ANU will bring Dr Marian Burr to the university next year, to continue her leading research in cancer immunotherapy.

The Australian National University (ANU) will be home to a large-scale cancer research program for the next eight years.

The fellowship, funded by Canberra’s own Snow Medical Research Foundation (Snow Medical), will provide $8 million from 2021 to bring Dr Marian Burr to the University.

Dr Burr is an early-career researcher, with a background in immunology and pathology, and has spent the past four years at Melbourne’s Peter MacCallum Cancer Centre.

Dr Marian Burr.

She will continue her focus research on cancer immunotherapy, which uses the immune system to target cancer cells.

“In terms of this as a fellowship, this is incredibly unique and generous in terms of what has previously been offered in Australia,” she said. 

“My research is focused around using the immune system to target cancer cells. The therapy worked very well for some patients and in certain cancers.

“What my research is trying to understand are the tumours that aren’t responding.”

The inaugural fellowship is one of three allocated by Snow Medical, with two other fellowships awarded nationally to focus research on heart disease and autoimmune diseases.

ANU Vice-Chancellor Professor Brian Schmidt thanked Snow Medical for investing in the important research.

“The Snow Fellowship has brought one of the world’s most promising early-career cancer researchers to ANU and Canberra – an outcome that would not only benefit Australia but the world,” he said.

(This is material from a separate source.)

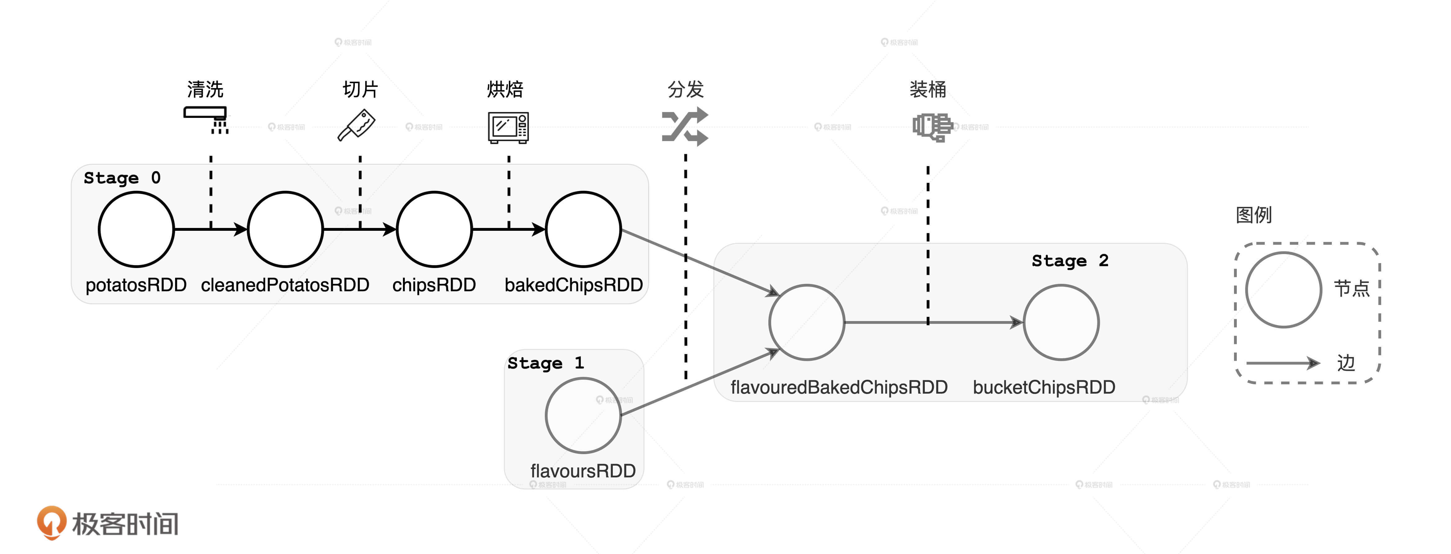 不过,改造流水线可是个大工程,为了让改装工人能够高效协作,工头儿得把上面的改造设想抽象成一张施工流程图。有了这张蓝图,工头儿才能给负责改装的工人们分工,大伙儿才能拧成一股绳、劲儿往一处使。在上一讲中,我们把食材形态类比成RDD,把相邻食材形态的关系看作是RDD间的依赖,那么显然,流水线的施工流程图就是DAG。

“Cancer is a killer, and it has been a terrible killer for many years. But in Marian, cancer has a formidable enemy, and the work she will undertake as part of this research program will give hope to many both now and in the future.”

The research will focus on identifying ‘immune checkpoint inhibitors’, which activate T cells in the immune system to find and eliminate cancer.

Dr Burr said it was an exciting breakthrough for the disease.

“What is so exciting is the incredible potential immunotherapy has to wipe out cancer that has spread to different parts of the body. And for some cancers, that’s a complete game-changer.

“Using cutting-edge technologies, my team will build on our recent discoveries to enhance immune targeting of aggressive cancers—such as lung cancer, melanoma and leukaemia, and to better understand the mechanisms cancer cells use to hide or shield themselves from the immune system.

As an early-career researcher, Dr Burr said she was shocked to have secured the fellowship in what was a competitive application process.

“For me at this point it’s a huge boost. The most difficult point in people’s career in this field is shifting from a post doctorate fellow and then establishing a research team,” she said.

“It has been a problem for women in particular, so to have this type of security to bridging that gap and build my research team is really exciting.”